WORK TASK:
Without copying any picture, transcribe exactly the lines of the data below from the one containing "Tráfico vehicular complicado" through the one containing "Selling a pair".

[Excerpts from a dataset]
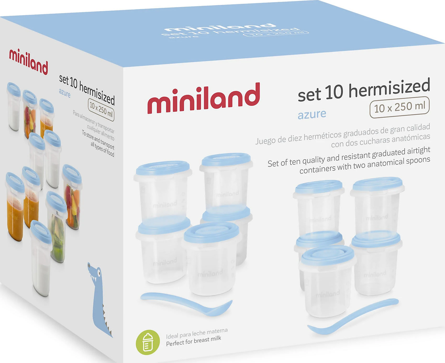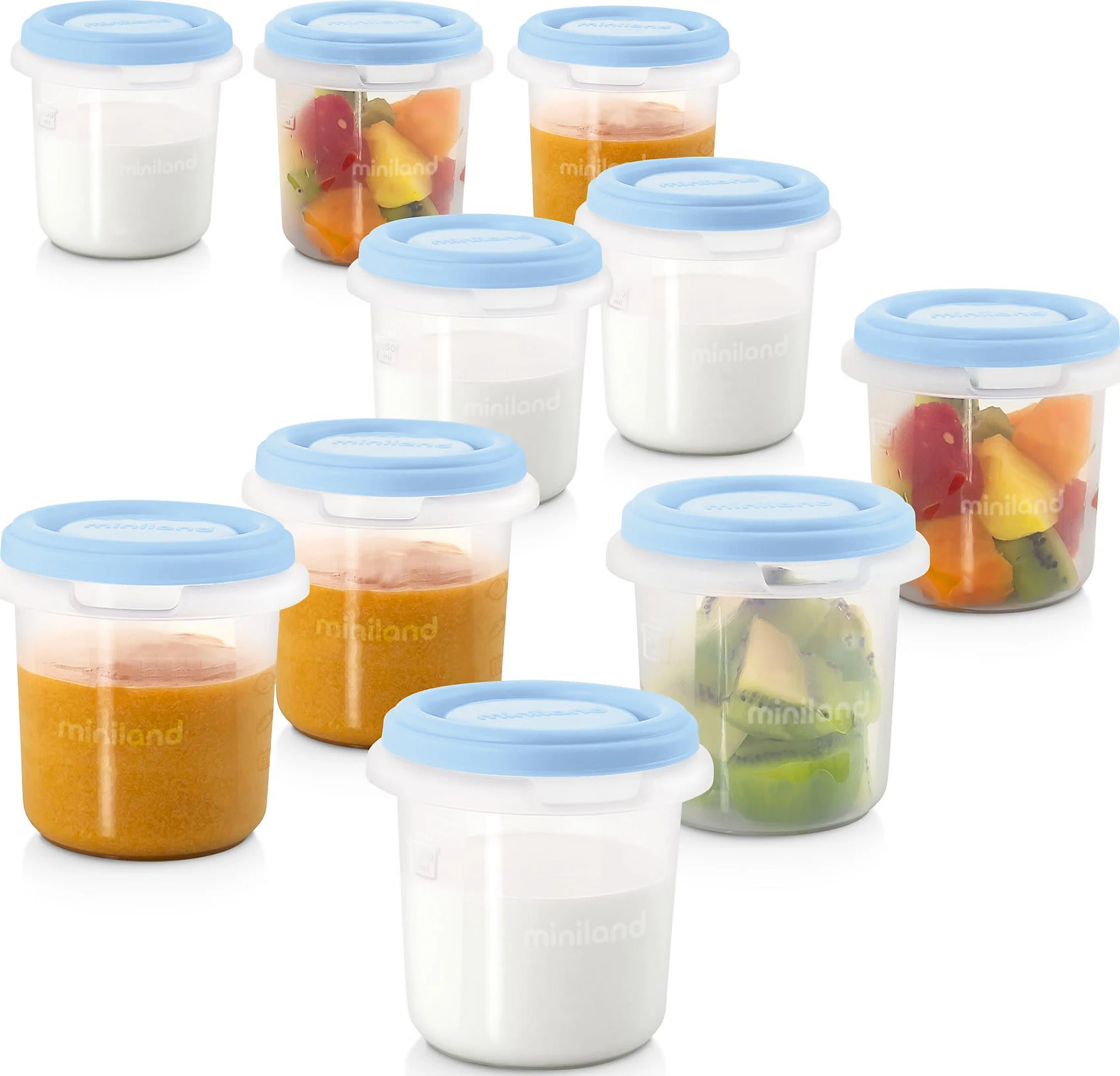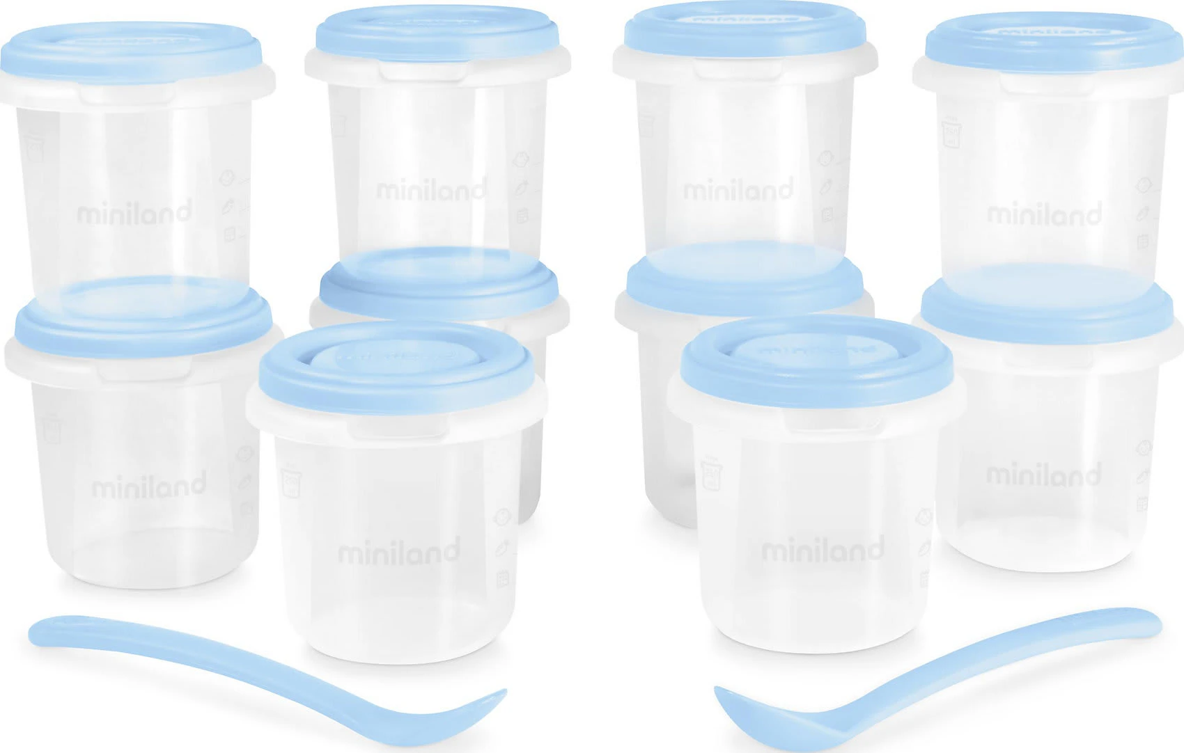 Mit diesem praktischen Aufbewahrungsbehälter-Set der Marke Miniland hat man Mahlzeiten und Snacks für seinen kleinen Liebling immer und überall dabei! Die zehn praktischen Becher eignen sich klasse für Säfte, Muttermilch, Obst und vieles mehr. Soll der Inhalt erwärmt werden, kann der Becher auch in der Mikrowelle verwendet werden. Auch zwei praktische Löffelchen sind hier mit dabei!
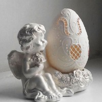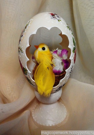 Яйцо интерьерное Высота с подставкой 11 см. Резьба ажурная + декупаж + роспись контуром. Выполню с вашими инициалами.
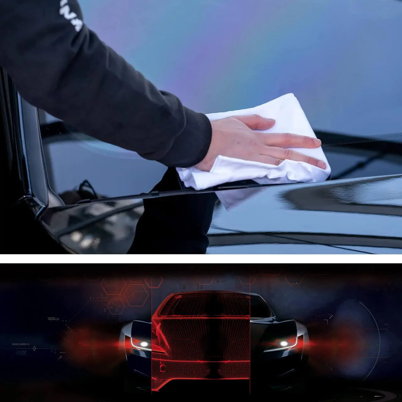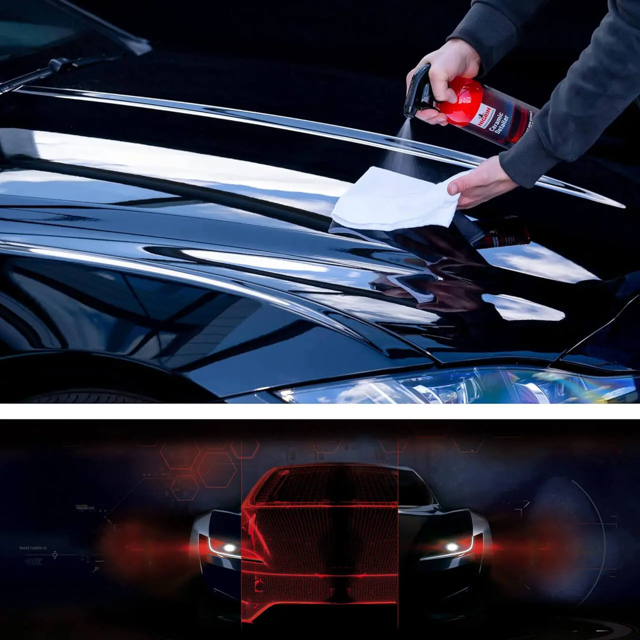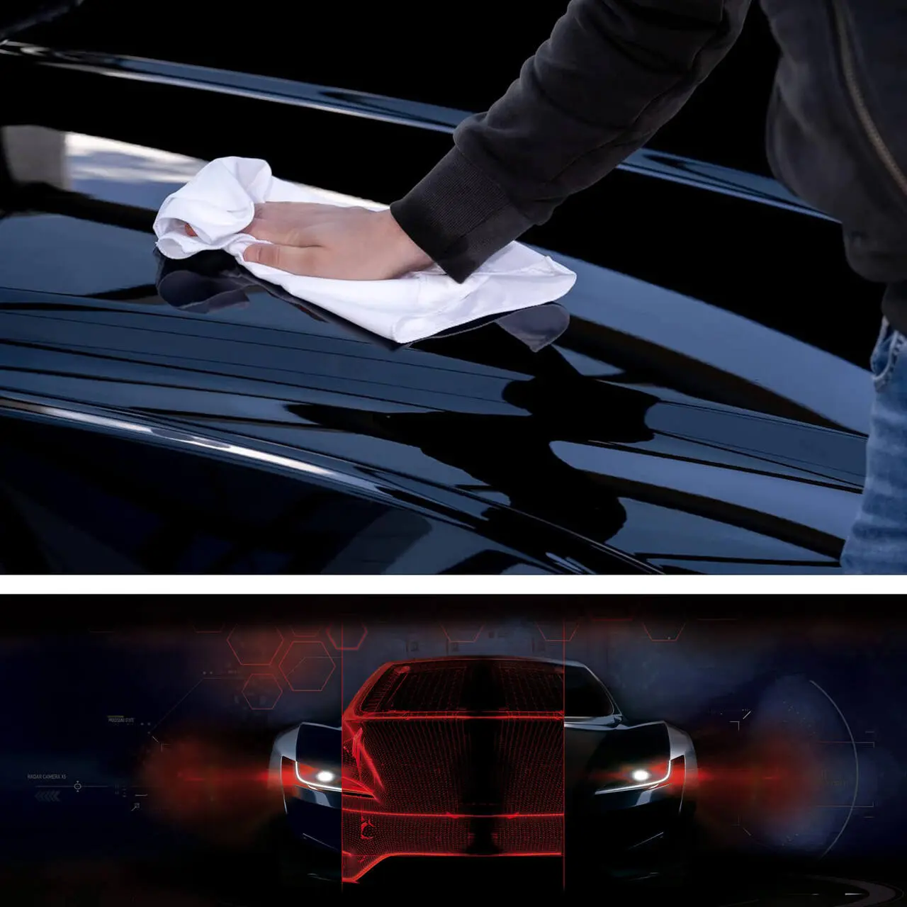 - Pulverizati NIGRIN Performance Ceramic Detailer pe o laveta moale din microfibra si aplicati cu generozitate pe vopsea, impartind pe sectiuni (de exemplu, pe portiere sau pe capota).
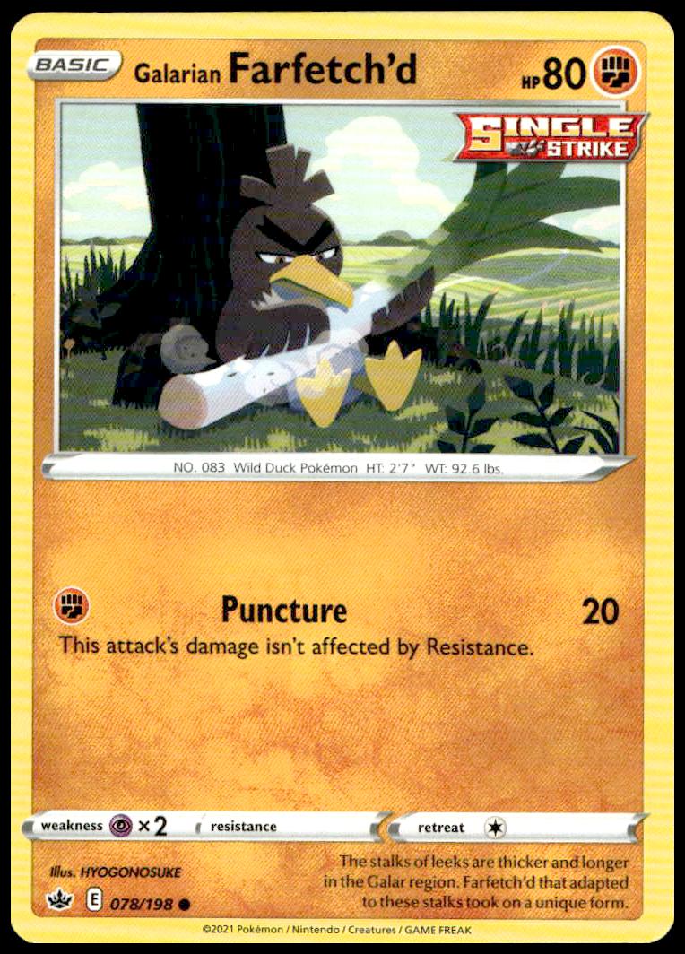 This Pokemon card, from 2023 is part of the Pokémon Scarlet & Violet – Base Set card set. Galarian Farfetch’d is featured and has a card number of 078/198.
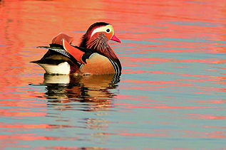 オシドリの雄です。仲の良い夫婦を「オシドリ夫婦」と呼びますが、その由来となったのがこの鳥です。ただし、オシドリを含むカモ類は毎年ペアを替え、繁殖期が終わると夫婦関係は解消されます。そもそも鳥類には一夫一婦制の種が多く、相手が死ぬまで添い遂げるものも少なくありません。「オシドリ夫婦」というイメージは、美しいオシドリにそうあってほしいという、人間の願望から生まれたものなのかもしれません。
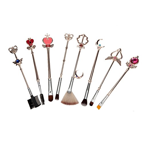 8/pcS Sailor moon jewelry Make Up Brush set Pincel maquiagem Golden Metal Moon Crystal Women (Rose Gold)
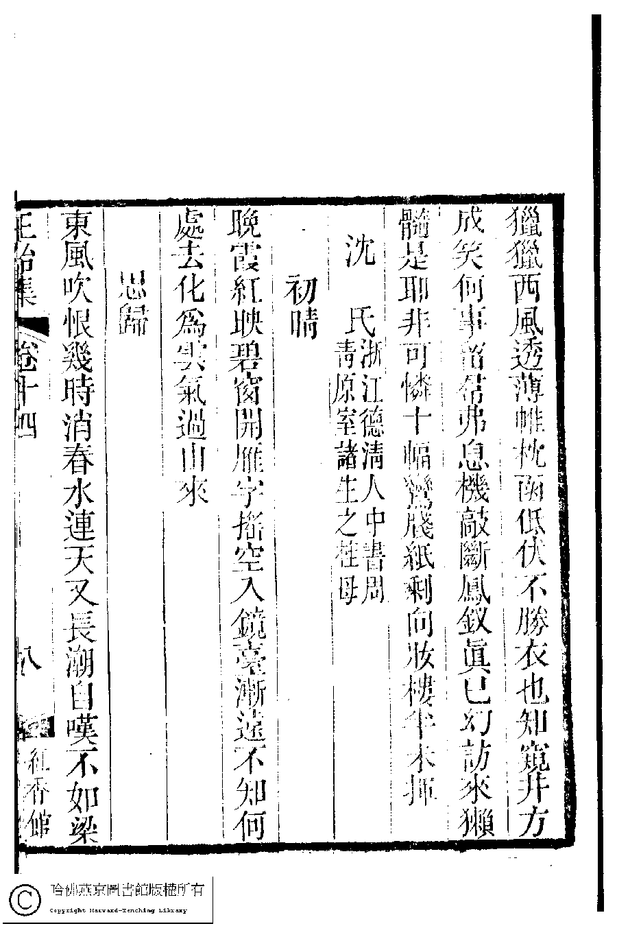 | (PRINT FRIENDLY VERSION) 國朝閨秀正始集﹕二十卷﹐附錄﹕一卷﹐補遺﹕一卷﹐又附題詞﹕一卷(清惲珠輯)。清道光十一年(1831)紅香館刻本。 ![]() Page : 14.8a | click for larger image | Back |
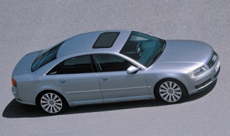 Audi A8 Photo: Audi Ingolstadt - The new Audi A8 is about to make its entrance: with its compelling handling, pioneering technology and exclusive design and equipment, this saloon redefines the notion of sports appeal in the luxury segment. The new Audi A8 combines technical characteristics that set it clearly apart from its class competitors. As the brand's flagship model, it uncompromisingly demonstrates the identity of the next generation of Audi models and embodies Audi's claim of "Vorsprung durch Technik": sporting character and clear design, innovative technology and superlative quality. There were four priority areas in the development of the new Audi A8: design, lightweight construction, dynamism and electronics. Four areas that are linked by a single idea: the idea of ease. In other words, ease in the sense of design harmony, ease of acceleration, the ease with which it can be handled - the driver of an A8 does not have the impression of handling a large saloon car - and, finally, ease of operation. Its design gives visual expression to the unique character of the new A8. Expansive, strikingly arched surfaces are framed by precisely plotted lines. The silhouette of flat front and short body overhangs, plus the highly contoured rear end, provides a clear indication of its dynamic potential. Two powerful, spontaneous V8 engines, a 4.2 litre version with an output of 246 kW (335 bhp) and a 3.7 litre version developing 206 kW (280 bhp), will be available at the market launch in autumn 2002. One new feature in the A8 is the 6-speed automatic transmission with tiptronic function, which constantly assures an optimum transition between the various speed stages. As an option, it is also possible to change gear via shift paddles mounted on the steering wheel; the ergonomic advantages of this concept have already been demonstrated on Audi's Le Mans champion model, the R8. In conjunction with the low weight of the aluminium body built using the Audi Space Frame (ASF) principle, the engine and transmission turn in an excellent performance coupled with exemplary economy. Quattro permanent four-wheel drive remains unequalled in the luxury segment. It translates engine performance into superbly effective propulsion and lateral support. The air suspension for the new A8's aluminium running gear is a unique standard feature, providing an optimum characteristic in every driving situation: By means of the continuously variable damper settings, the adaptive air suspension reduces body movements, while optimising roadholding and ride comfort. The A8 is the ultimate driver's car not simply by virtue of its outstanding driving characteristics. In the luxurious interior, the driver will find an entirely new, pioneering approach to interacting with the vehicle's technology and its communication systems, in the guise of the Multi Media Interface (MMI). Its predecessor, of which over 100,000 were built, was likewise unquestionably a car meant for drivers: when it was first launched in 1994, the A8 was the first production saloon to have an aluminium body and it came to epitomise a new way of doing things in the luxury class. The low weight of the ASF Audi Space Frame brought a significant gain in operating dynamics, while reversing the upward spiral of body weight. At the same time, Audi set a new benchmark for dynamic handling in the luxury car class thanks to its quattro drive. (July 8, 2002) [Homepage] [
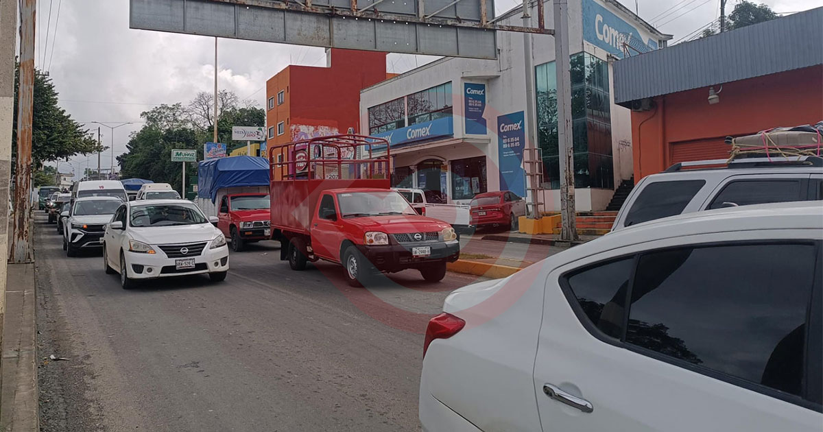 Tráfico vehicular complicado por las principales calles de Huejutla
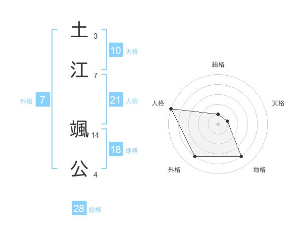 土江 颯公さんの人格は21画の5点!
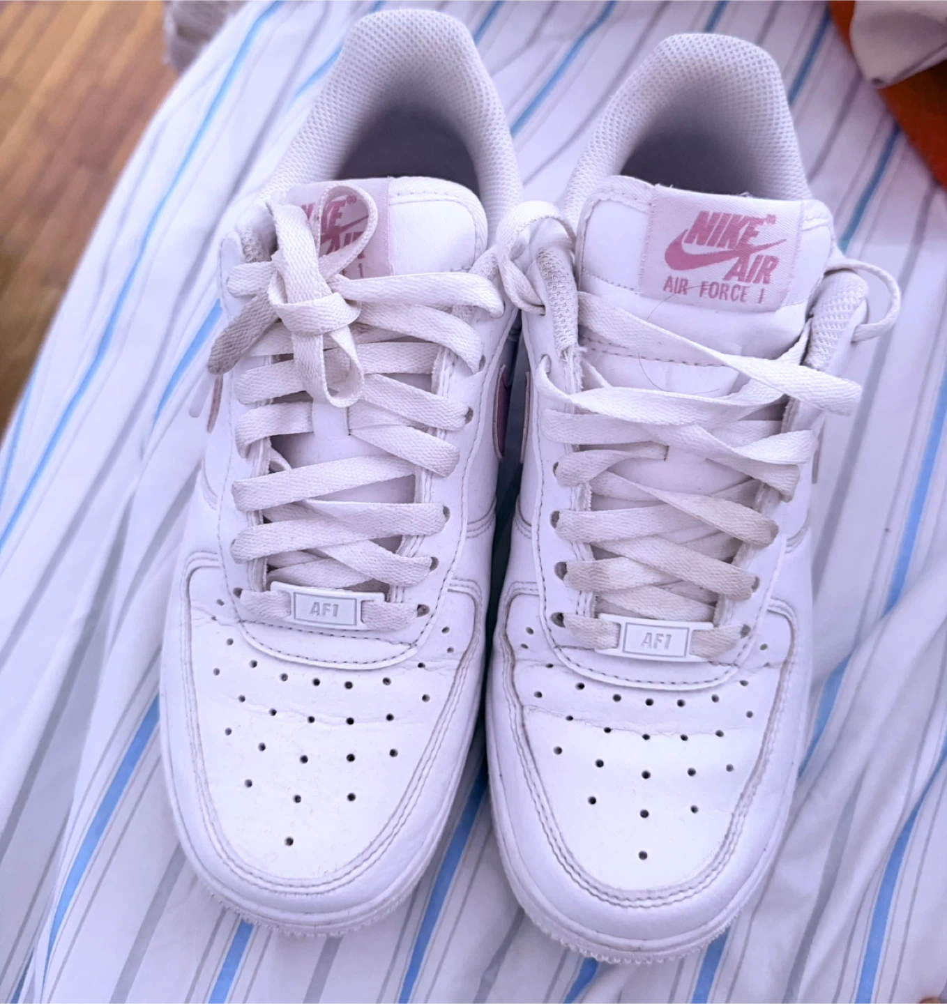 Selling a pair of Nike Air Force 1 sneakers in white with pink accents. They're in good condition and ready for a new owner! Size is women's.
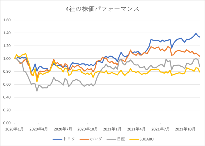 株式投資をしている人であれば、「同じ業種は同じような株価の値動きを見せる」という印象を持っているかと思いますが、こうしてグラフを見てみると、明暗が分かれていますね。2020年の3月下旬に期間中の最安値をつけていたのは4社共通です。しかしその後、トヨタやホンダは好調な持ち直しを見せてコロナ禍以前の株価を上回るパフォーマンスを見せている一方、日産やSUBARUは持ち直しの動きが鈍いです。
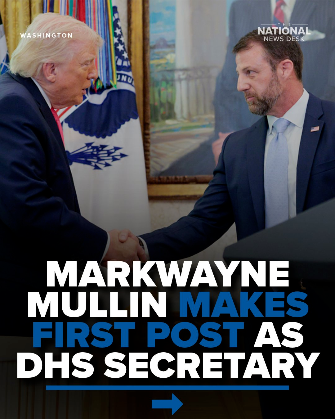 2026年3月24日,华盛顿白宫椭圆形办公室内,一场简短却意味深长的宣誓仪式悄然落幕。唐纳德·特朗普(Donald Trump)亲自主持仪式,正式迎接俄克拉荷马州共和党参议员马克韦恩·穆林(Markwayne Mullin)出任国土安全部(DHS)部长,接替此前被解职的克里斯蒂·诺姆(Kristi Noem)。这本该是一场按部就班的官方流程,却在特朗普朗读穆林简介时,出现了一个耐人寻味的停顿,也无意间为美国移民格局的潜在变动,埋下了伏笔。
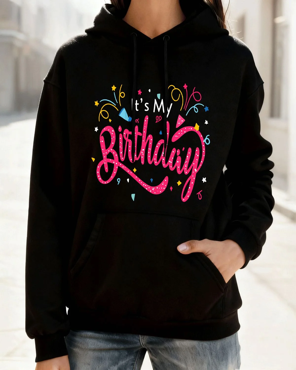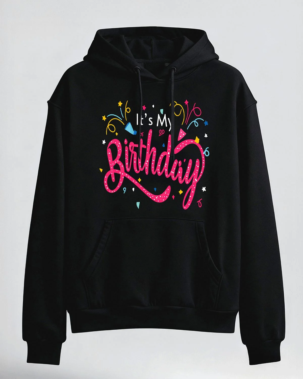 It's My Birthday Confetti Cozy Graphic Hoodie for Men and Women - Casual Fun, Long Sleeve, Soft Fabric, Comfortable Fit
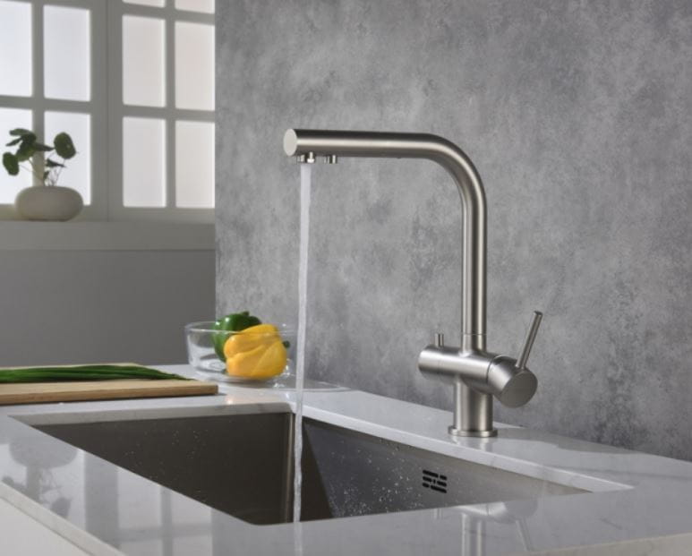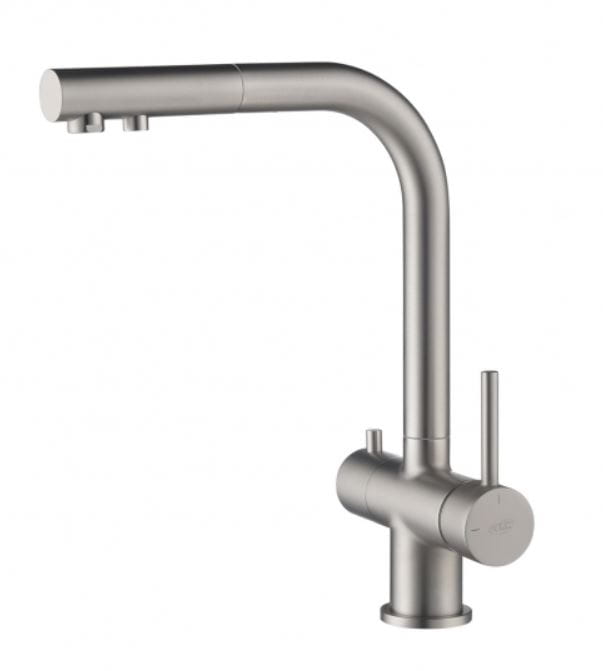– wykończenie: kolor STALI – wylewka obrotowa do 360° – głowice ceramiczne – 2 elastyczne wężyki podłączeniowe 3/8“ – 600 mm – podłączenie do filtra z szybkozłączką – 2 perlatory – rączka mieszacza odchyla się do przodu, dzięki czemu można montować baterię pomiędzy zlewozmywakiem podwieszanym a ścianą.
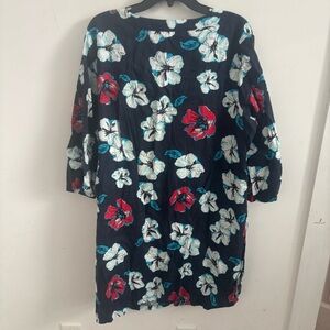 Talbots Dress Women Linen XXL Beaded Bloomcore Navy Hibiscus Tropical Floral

RESULT:
 Tráfico vehicular complicado por las principales calles de Huejutla
 土江 颯公さんの人格は21画の5点!
 Selling a pair of Nike Air Force 1 sneakers in white with pink accents. They're in good condition and ready for a new owner! Size is women's.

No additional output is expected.